Stuck to groomers until the snow softened.  Goniff was best of the day for me.  Jake liked speed runs down a groomed Talisman.

Magician was open but not in great shape. Red Line was roped off for some reason.  

Had met some friends from home who have season pass and they showed some new to me woods.  snow was F'ing deep and heavey, i failed miserably.

overall great day.  legs were noodles by 3:30.


----------



## gmcunni (Mar 10, 2013)

goniff







black line






black line from the lift






green line


----------



## gmcunni (Mar 10, 2013)

my replay


http://www.alpinereplay.com/stats?id=93343&vId=379085


----------



## drjeff (Mar 10, 2013)

Awesome day for sure (I was one of the slew of parents there today with a small kid in a GS suit in tow  ) 
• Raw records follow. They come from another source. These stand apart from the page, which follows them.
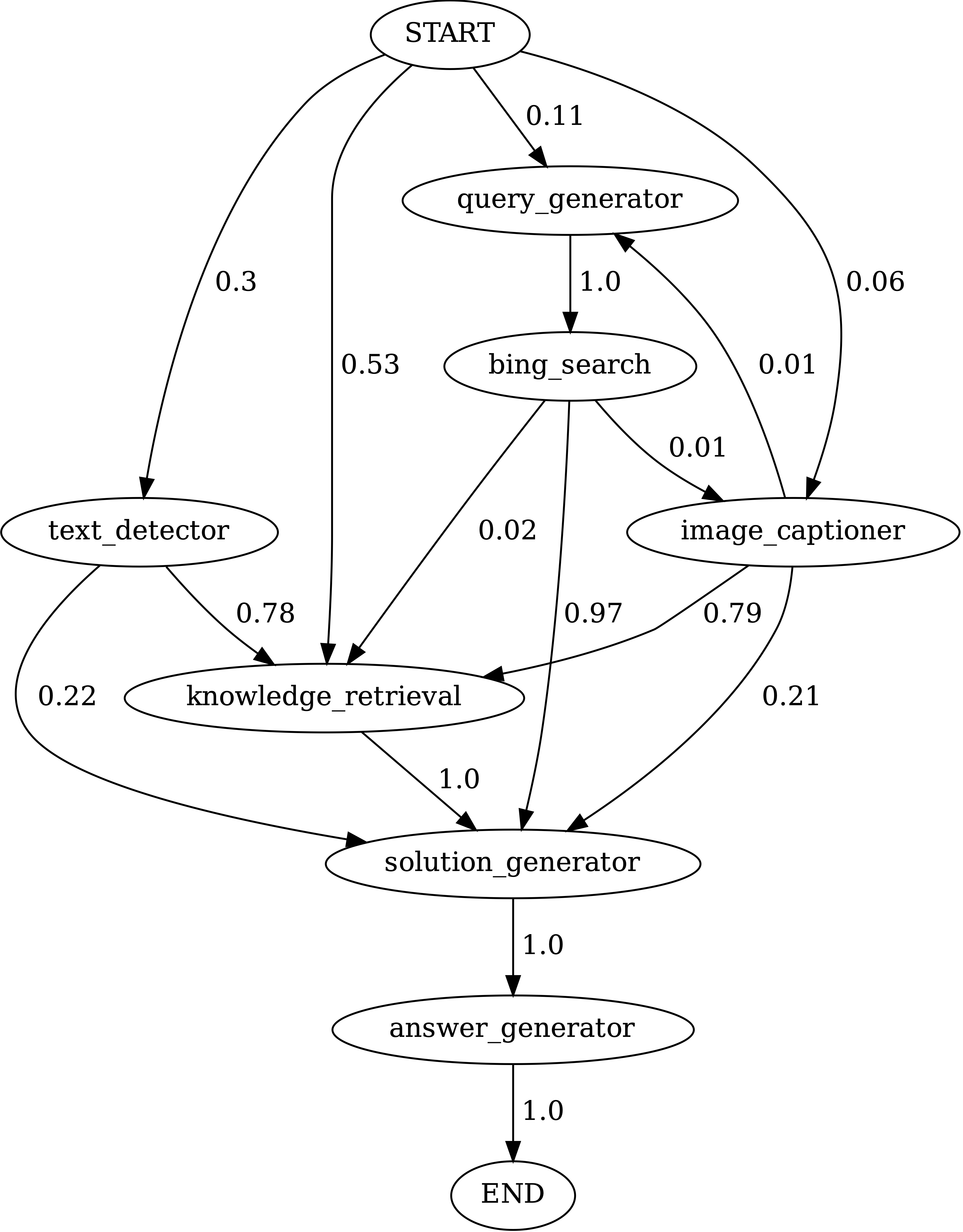 这是 Chameleon (GPT-4) 在 ScienceQA 数据集上生成的程序中模块之间的转移情况。START 是起始符号,END 是终结符号,其余均为非终结符号。
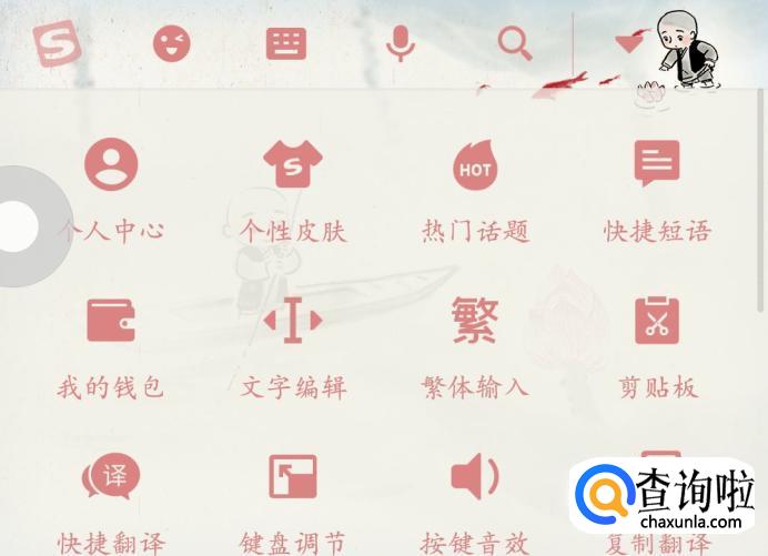 安装好之后,我们打开手机键盘,点击键盘上左上角搜狗输入法的标志,再选择个性皮肤。
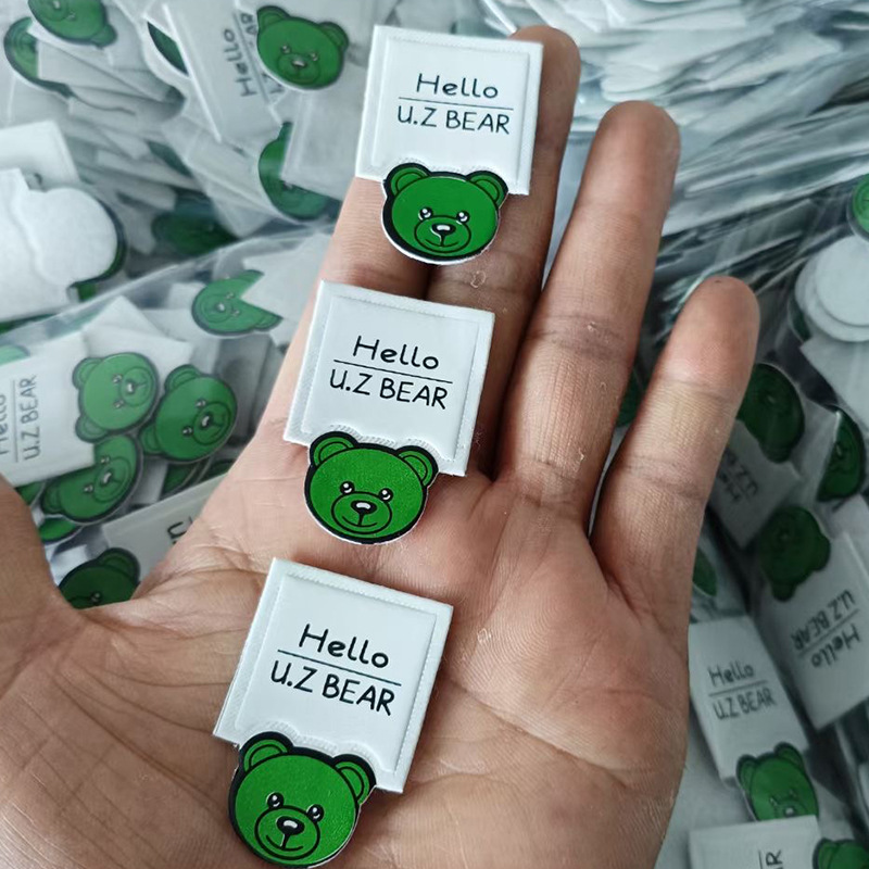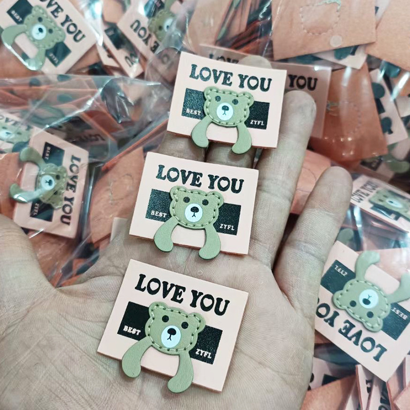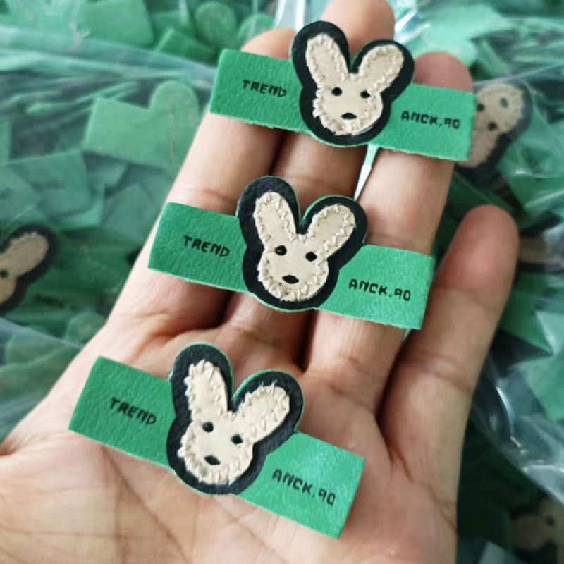 토끼 만화 편지 모방 가죽 라벨 패션 여성 가방 장식 PU 가죽 사인 어린이 의류 Microfiber 가죽 상표스토어 가기
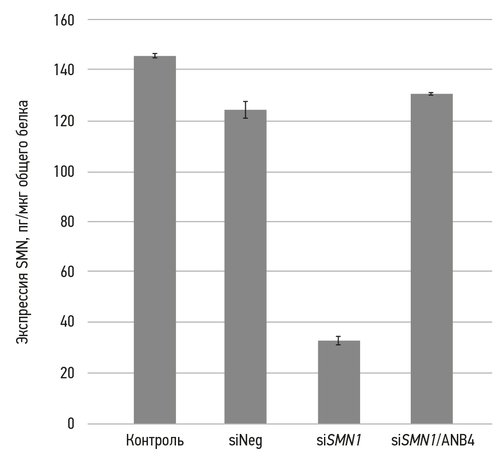 После инкубации с препаратом готовили клеточные лизаты и оценивали уровень белка SMN. Результаты репрезентативного эксперимента по оценке концентрации изучаемого белка после нокдауна SMN1 и трансдукции ANB4 представлены на рис. 4.
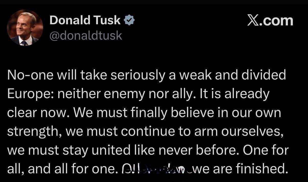 在格陵兰危机发展之际,波兰总理图斯克呼吁欧盟团结,声称一个分裂而软弱的欧盟,既不会被敌人尊重,也不会被盟友尊重。
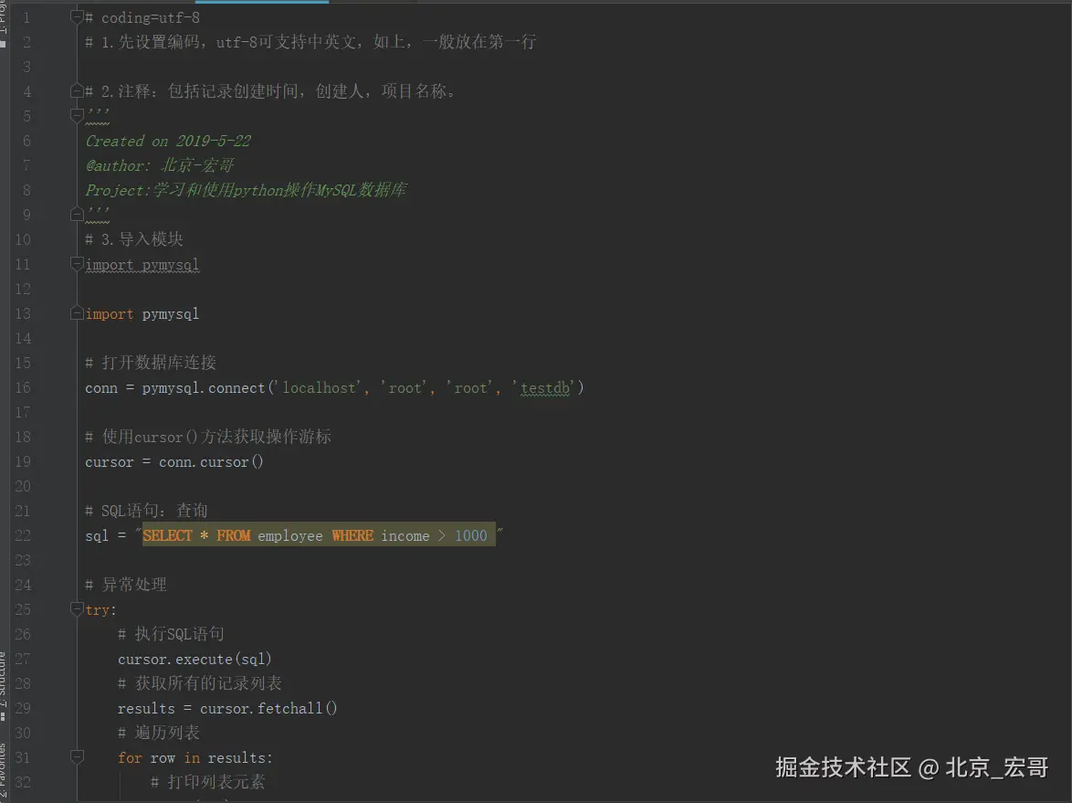 PyMySQL 遵循 Python 数据库 API v2.0 规范,并包含了 pure-Python MySQL 客户端库。
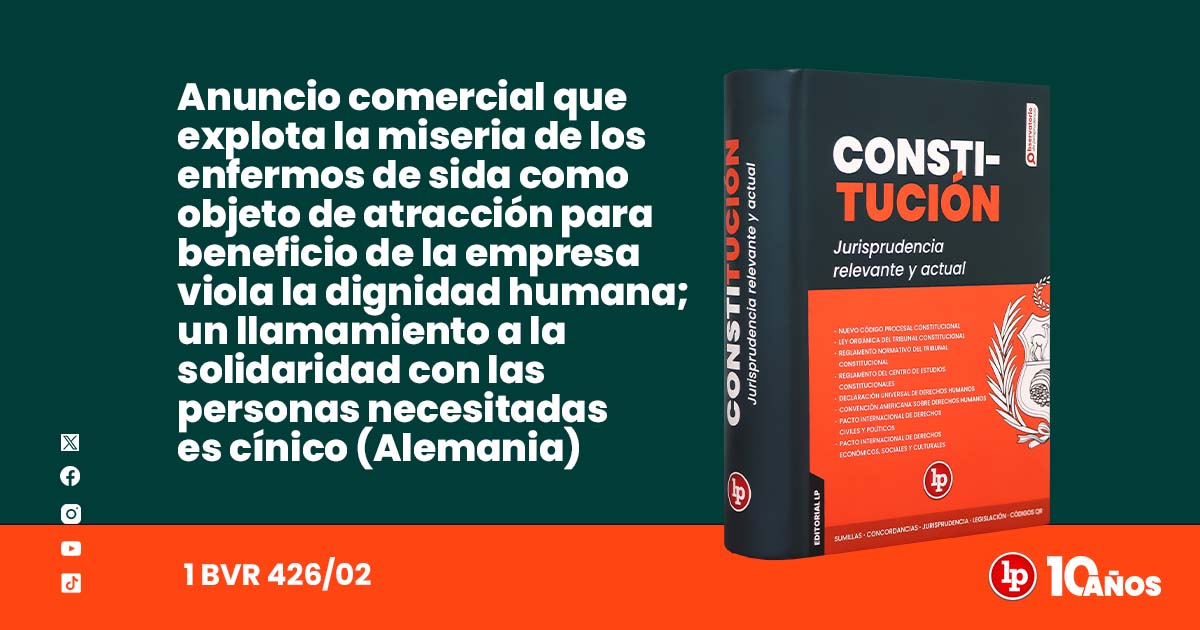 Fundamentos destacados: 25. b) Basándose en este análisis, el Tribunal Federal de Justicia concluye en su apreciación que el anuncio vulnera la dignidad humana debido a su finalidad. La publicidad que llama la atención y explota la miseria de los afectados como objeto de atracción para su propio beneficio comercial es incompatible con el artículo 1, apartado 1, de la Ley Fundamental. Un llamamiento a la solidaridad con las personas necesitadas es cínico y viola su derecho al respeto y a la solidaridad humana por su propio bien si se combina con el interés comercial de aumentar el propio volumen de negocios de la empresa en un ámbito completamente distinto.
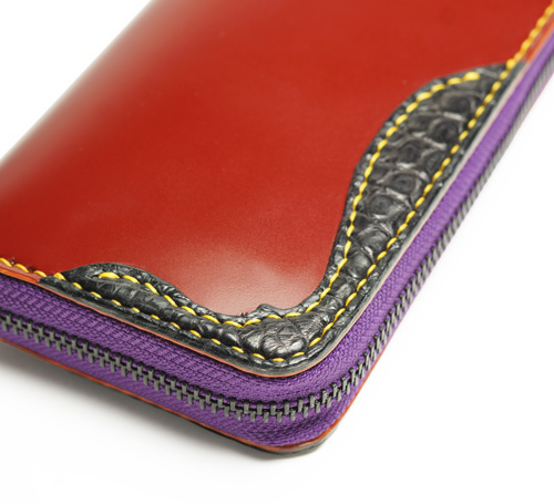 #680 ベース : ラウンドジップウォレット コードバン バーガンディ

Although I will say that at 8:10AM when I loaded the Red for my 1st run with the rest of the racer kids + parents that loss of an hour of sun warming was greatly missed!! 21 degree when I parked my car at 7:50 and some FIRM snow for the first few hours!! Great for racing on for sure, but not so great for much else!!


----------



## xwhaler (Mar 10, 2013)

Nice, I was at Magic today as well....best day of the season! Started out fast and firm when we got on Red at 9:45 at 25 degrees. By 11:30 it was in the upper 30's and starting to be amazing.
Stopped for lunch and a beer and the afternoon was full on SPRING!----skied until just after 3. Hit everything you did except for Black Magic. Magician was in rough shape...I had never skied that trail so just wanted to try it since it doesn't open very often....coverage was fine but it was the icy water flows both sides all the way down that made it tough.
Green line was pretty good....Slide of Hans was great and Glade of the day was Twilight Zone, great coverage in there for almost Mid March.   The snowmaking runs are in great shape...Talisman was spectacular early afternoon once the sun got on it. I wonder how long they could go (early April?) if the operating budget allows for it.
Really enjoy Magic...long day trip East to West across NH/So VT but well worth it.


----------



## MadMadWorld (Mar 10, 2013)

drjeff said:


> Awesome day for sure (I was one of the slew of parents there today with a small kid in a GS suit in tow  )
> 
> Although I will say that at 8:10AM when I loaded the Red for my 1st run with the rest of the racer kids + parents that loss of an hour of sun warming was greatly missed!! 21 degree when I parked my car at 7:50 and some FIRM snow for the first few hours!! Great for racing on for sure, but not so great for much else!!



How did they do?


----------



## drjeff (Mar 10, 2013)

MadMadWorld said:


> How did they do?



Not a good car ride home today :-( There was a funky under gate just below a knoll that ended up getting 6 racers DQ'd today (my daughter was one of those 6)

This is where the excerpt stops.